In the above-described dew point detectors, condensation (moisture) on the mirror surface 4-1 is detected. With the same arrangement as described above, frost (moisture) on the mirror surface 4-1 can also be detected.
However, for the above-described conventional mirror surface cooling dew point detector 101 or 102, assembly is not easy because the temperature detection element 6 is embedded through the silicone grease in the hole formed in the side portion of the copper block 3. Since the temperature detection element 6 is covered with the silicone grease, the response is poor due to the thermal resistance by the silicone grease. The copper block 3 is inserted between the mirror surface 4-1 and the thermoelectric cooling element 2. With this structure, a temperature gradient which decreases the measurement accuracy may be generated. In addition, since the thermal capacity by the copper block 3 is large, and the response is poor. Since the copper block 3 is provided, the outer size of the sensor unit increases, and size reduction is difficult.

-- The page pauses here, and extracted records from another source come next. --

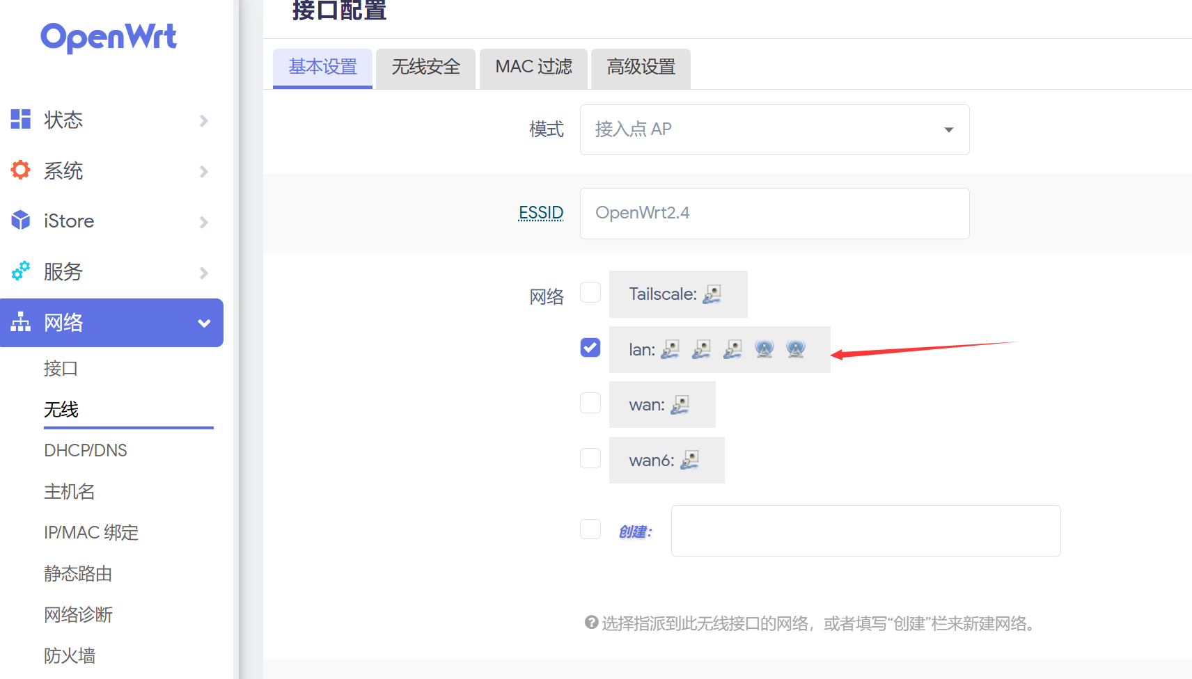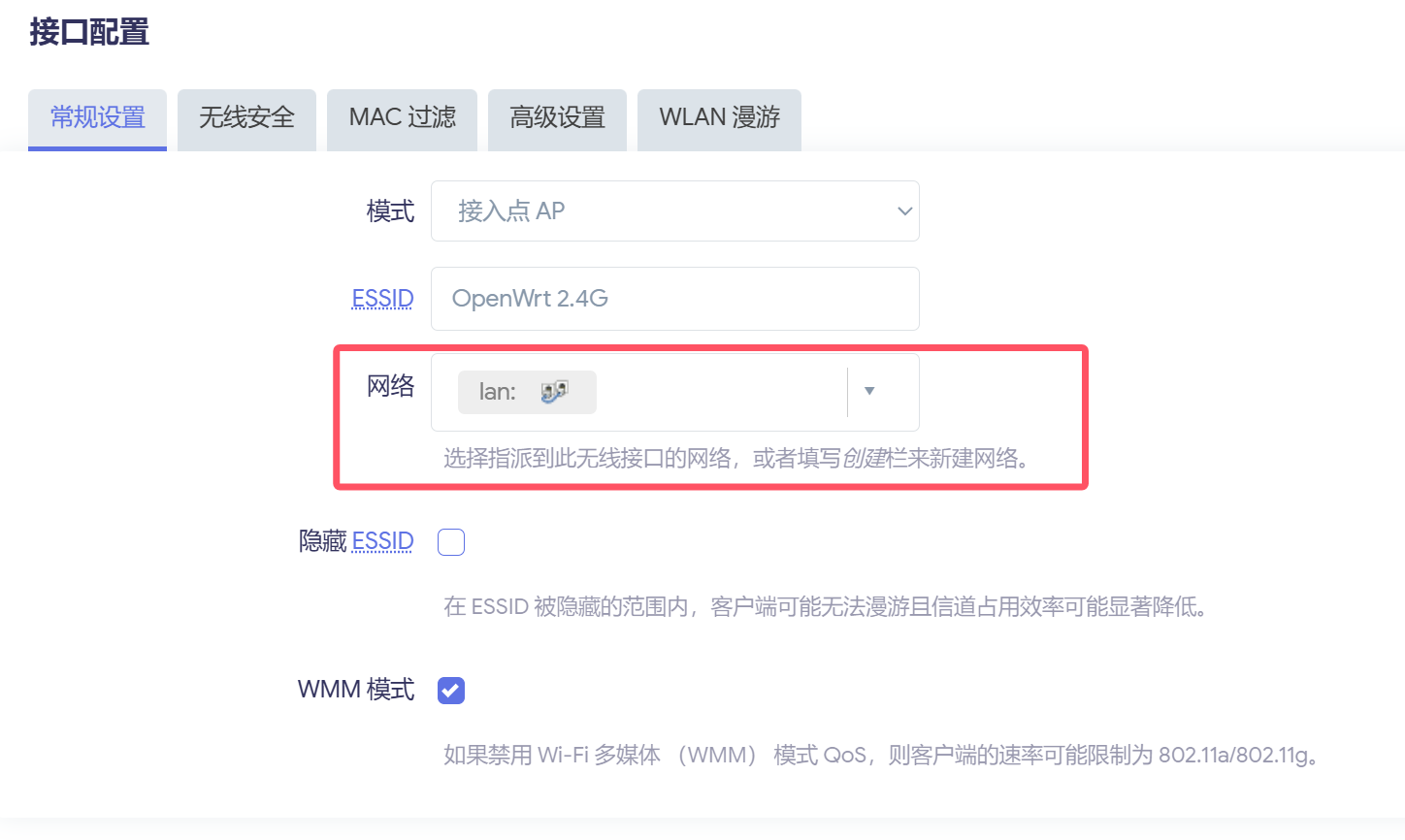 在无线 Master 模式配置中确认网络是否被指派到 lan 接口。
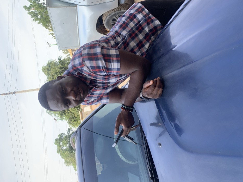 A man in a checkered shirt leans against the hood of a blue car. He holds a set of keys and a cell phone. The background includes greenery and utility poles. Part of a white vehicle is visible above the hood of the car. The man is looking at the camera with a slight smile. He is wearing bracelets and a wristwatch.
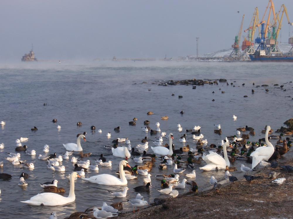 Пока залив сквозь снег и слякоть в морозном воздухе парит.
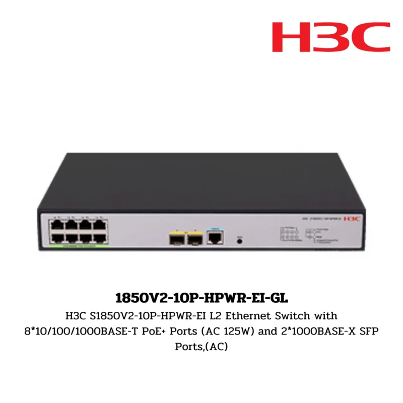 H3C S1850V2-10P-HPWR-EI L2 Ethernet Switch with 8*10/100/1000BASE-T PoE+ Ports (AC 125W) and 2*1000BASE-X SFP Ports,(AC)
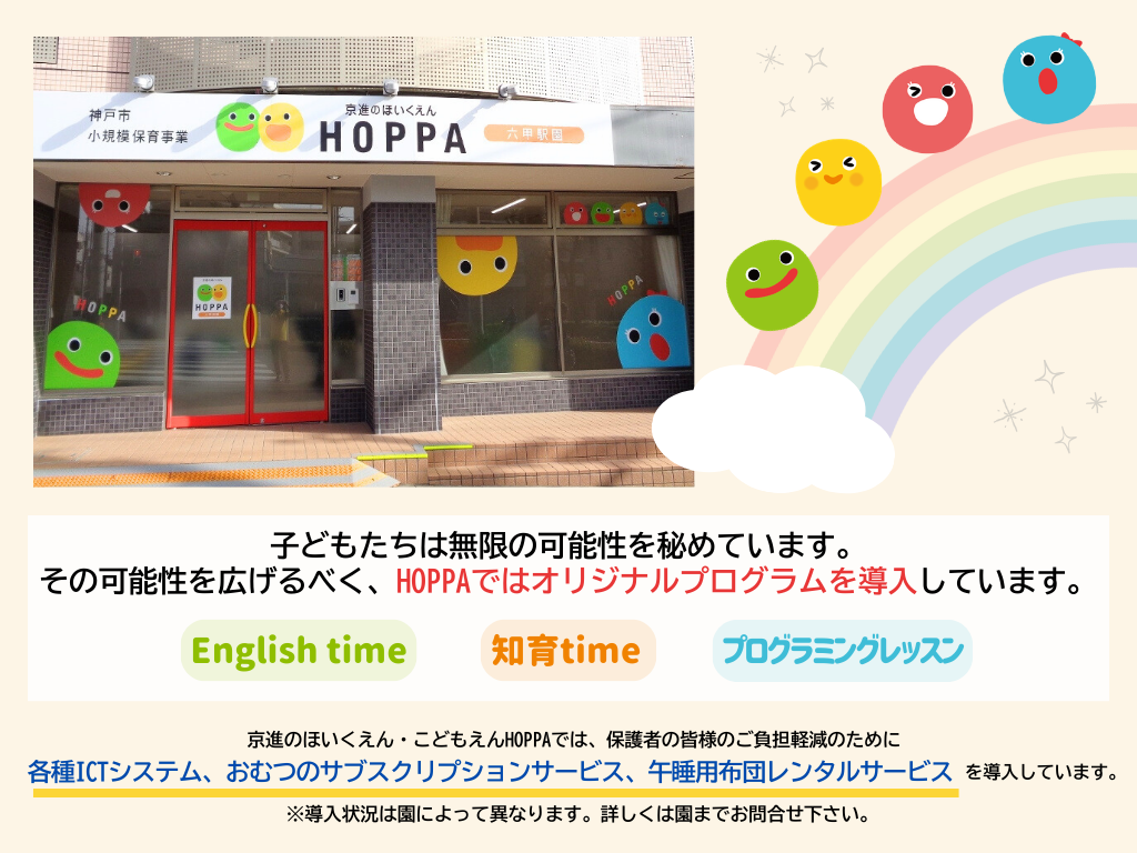 午前8時から午後6時までの間で、保育が必要な時間おあずかりします。

Reference 4 (Japanese Patent Laid-Open No. 9-307030) describes a cooling device which cools a heat-producing electronic device (e.g., CPU) by using a thermoelectric cooling element. In this cooling device, the CPU is attached to the cooled surface of the thermoelectric cooling element, and the temperature of the semiconductor element or cooling-side conductor of the thermoelectric cooling element is measured. More specifically, as shown in FIG. 29, a CPU (cooled member) 61 is attached to the cooled surface 2-1 of the thermoelectric cooling element 2. A temperature detection element 62 is attached to a column (semiconductor element) 2a of the thermoelectric cooling element 2 or a bottom surface 2b of the cooled surface (cooling-side conductor) 2-1 to indirectly measure the temperature of the CPU 61. An arrangement can be considered from the structure described in reference 4, in which a mirror 9 is attached to the cooled surface 2-1 of the thermoelectric cooling element 2, and the temperature detection element 62 measures the temperature of the column 2a of the thermoelectric cooling element 2 or the bottom surface 2b of the cooled surface 2-1, as shown in FIG. 30. In this structure, however, since a thermal resistance is generated in the bonding portion between the mirror 9 and the cooled surface 2-1 of the thermoelectric cooling element 2 and in the cooled surface 2-1 itself, the temperature of the mirror 9 cannot be detected accurately at a satisfactory response.
Although mirror surface cooling dew point detectors have been described above, this also applied to the conventional cooling device shown in FIG. 29. That is, the temperature of the CPU 61 cannot accurately be detected. As shown in FIG. 31, a member 63 is attached to the heated surface 2-2 of the thermoelectric cooling element 2 and heated. In this case, the thermoelectric cooling element 2 serves as a thermoelectric heating element so that not a cooling device but a heating device is formed. Even in this case, when the temperature of the column 2a of the thermoelectric heating element 2 or a bottom surface 2c of the heated surface 2-2 is measured, the temperature of a member (heated member) 30 cannot be detected accurately at a high response. The thermoelectric cooling element 2 will also be referred to as a thermoelectric heating element depending on its utilization form, and “thermoelectric element” will be used as a general term for the thermoelectric cooling element and thermoelectric heating element hereinafter.